One NGC system is equipped with air sensors, sample pump, and multiple column valves allowing completely automated purification of up to seven samples by multiple chromatographic methods. This instrument is configured to allow unattended multi-step purification of samples by different chromatographic methods, e.g. affinity chromatography followed by a desalting or size exclusion chromatography step. The second NGC system has a four wavelength UV detector allowing four distinct wavelengths to be monitored at the same time allowing simultaneous detection of protein, nucleic acids, and chromophores.
Fluorescence activated cell sorting (FACS) and Yeast Display
The Bio-Rad S3 Cell Sorter is an easy to use automated cell sorter accessible to both novices and experts. The system is equipped with two lasers (488 and 561 nm) and four fluorescence detectors plus forward- and side-scatter detectors.
The PETC has constructed a yeast DARPin display library for identification of high-affinity protein binders and uses the S3 instrument for enrichment of high-affinity binders from naïve libraries. These binders can be used for structural biology applications such as crystallization chaperones and as adaptors for cryoEM imaging scaffolds; they have additional uses as tools for a variety of biochemical and cell-based assays. The PETC has produced low nanomolar affinity binders for academic labs and the biotech industry.
Crystallography
Structural studies of target proteins can be coordinated with the X-Ray and EM Structure Determination Core.
Equipment
Cell Growth
Fermentors
Bioengineering NLF22 fermentors allow prices control of multiple experimental parameters (pH, dissolved oxygen, temperature, and nutrient feed). The NLF22 fermentors are suitable for volumes up to 12L and are sterilizable-in-place.
Shaking Incubators
Large volume: The PETC has a variety of bench top (New Brunswick Innova 40 and Innova 4000) and floor shakers (New Brunswick Innova 44R and Innova 4300) including models allowing cell growth at low temperatures.

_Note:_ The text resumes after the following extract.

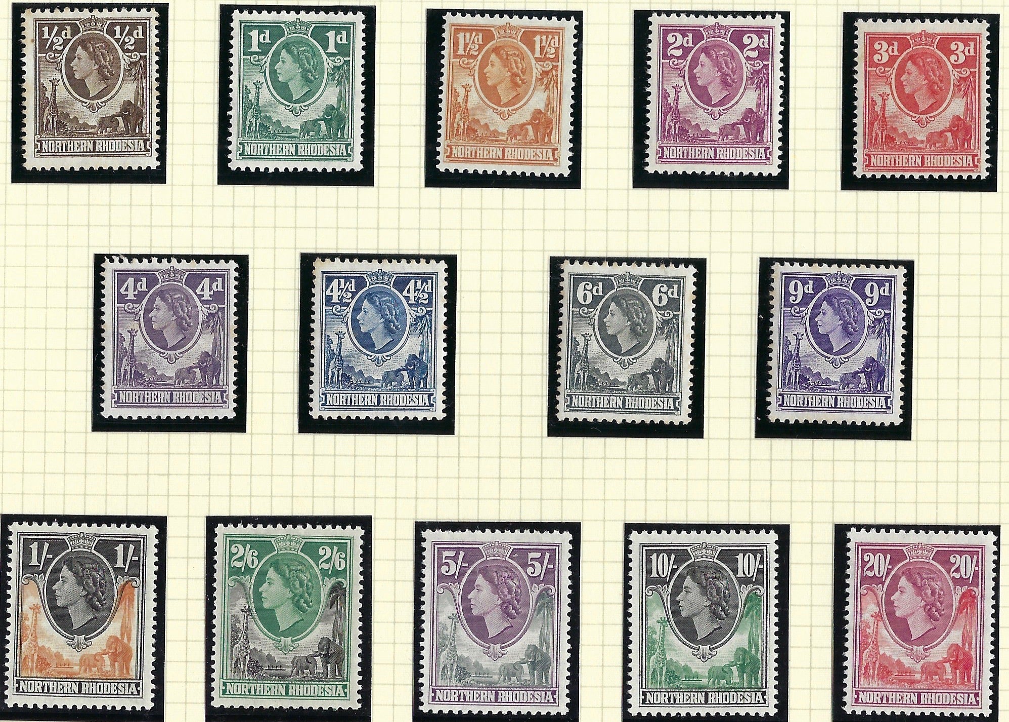 Northern Rhodesia Queen Elizabeth II 1953 (15 Sept) ½d to 20s rose-red and rose-purple set of 14, SG61/74.

Small volume: A Shel-Lab SI6R-HS refrigerated 96-well plate shaker holds 12 96-well plates and is ideal for small-scale protein expression screening. The combination of small orbit and high rpm (up to 1000) allows the growth of 1 ml bacterial or yeast cultures to high cell densities. Well-expressed proteins can be purified in 96-well format, often with yields in the 100-200 range.
Cell Lysis
We have a Misonix sonicator, French Press, and two Avestin Emulsiflex C-3.
Protein Purification
The PETC has a Bio-Rad NGC and Bio-Rad DuoFlow chromatography systems for low to medium pressure chromatography. Both are kept at 4 degrees celsius.